I want the last line to make you jealous.

I want you to Google it because you think I stole it. 

I want it to be so beautiful that it belongs in a different poem. 

It could be your last meal request. It could be my last will and testament. I want it to feel like the last line either of you will ever hear. 

I want the last line to harden your brain and make your heart soggy. I want your arteries to look like water balloons after I turn up the faucet full blast. 

I want it to kill everyone in this room. 

I want the last line to be a loaded handgun on a coffee table. A bottle of poison in an unlocked cabinet. The plug that your wife wants to leave in, but I hold it in my hand. 

Someone call the paramedics, please, because this poem is about to end. 

Call the audience's next of kin, get their loved ones on the phone and break the bad news. Order the floral arrangements and cue up the sad music. Notify the 5 o'clock news, because there's about to be a massacre. 

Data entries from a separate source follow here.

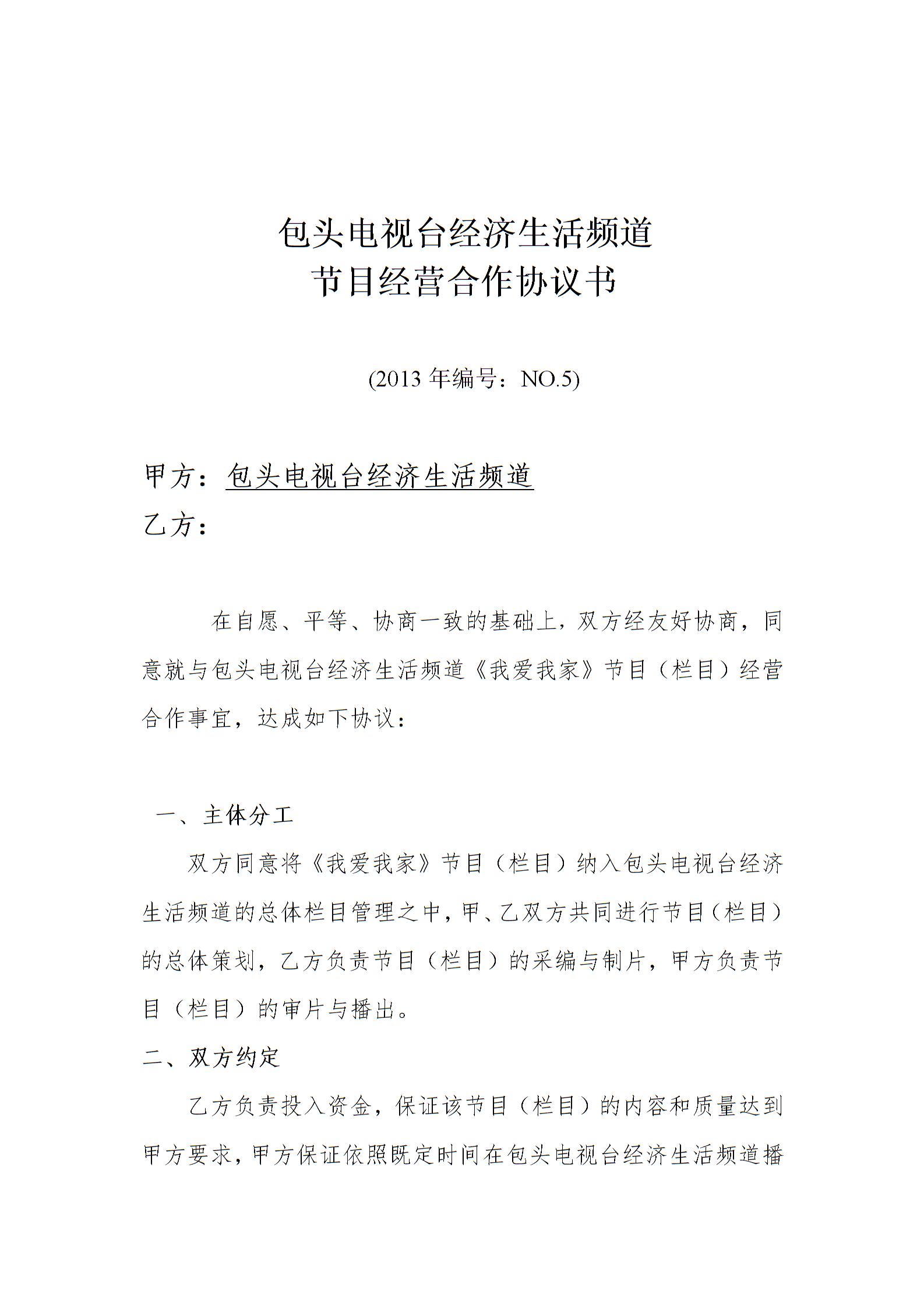 电视台节目合作协议书(我爱我家)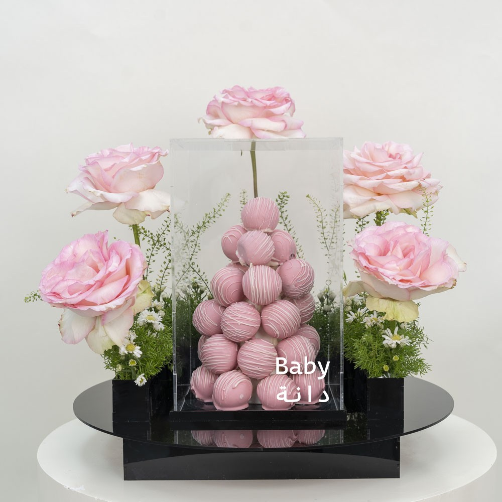 An acrylic tray containing roses and a tower of chocolate-flavored truffles.
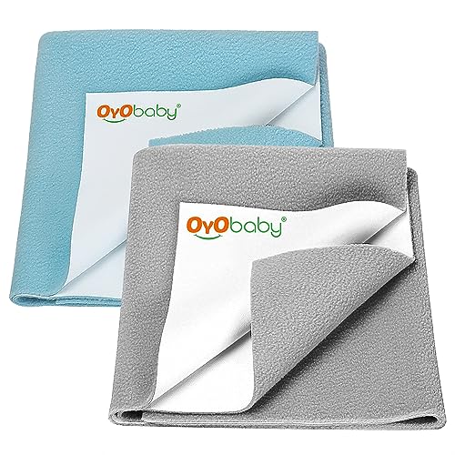 OYO BABY Extra Absorbent Waterproof Baby Dry Sheet | Quick Dry Sheet for New Born Baby Bed Protector, Soft & Breathable Rubber Sheet for Bed (Grey + Sea Blue, Medium Combo 2)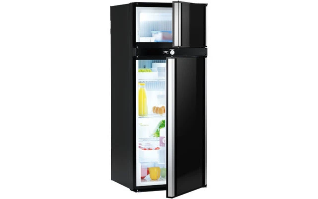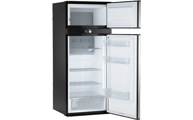 Este frigorífico de absorción de última generación ofrece una comodidad sin precedentes: selección automática de la fuente de energía (12 V, 230 V o gas), una puerta que se abre hacia la izquierda y hacia la derecha, y un interior versátil con mucho espacio para sus alimentos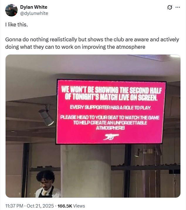 在对阵马竞的欧冠比赛中,酋长球场大厅内的电视上并没有播放下半场的比赛。屏幕上显示了一条提示信息:“我们不会在电视上直播今晚的下半场比赛。每位球迷都有自己的角色,请回到座位上观看比赛,助力营造令人难忘的赛场氛围。”这项大胆举措最终收效显著,阿尔特塔率领的球队以4-0的比分大胜马德里竞技。【上咪咕独家看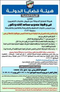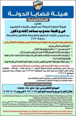أعلنت هيئة قضايا الدولة عن قبول طلبات التعيين في وظيفة مندوب مساعد إناث وذكور من خريجي كليات الحقوق والشريعة والقانون والشرطة دفعة 2022 وفقا للإعلان التالى

"Not another mass killing," they'll say. "They were all so young," they'll say. "What is wrong with this country?" #prayforenliten

The media will debate whether or not to talk about me. On one hand, they'll want to focus on all of you: the victims. But they'll definitely want to know how I could do something like this. And I guess this is the answer:

I just wanted to bring language back from the dead.

I wanted the last line of this poem to break your heart. 

The kind of heartbreak that makes you write your own poem.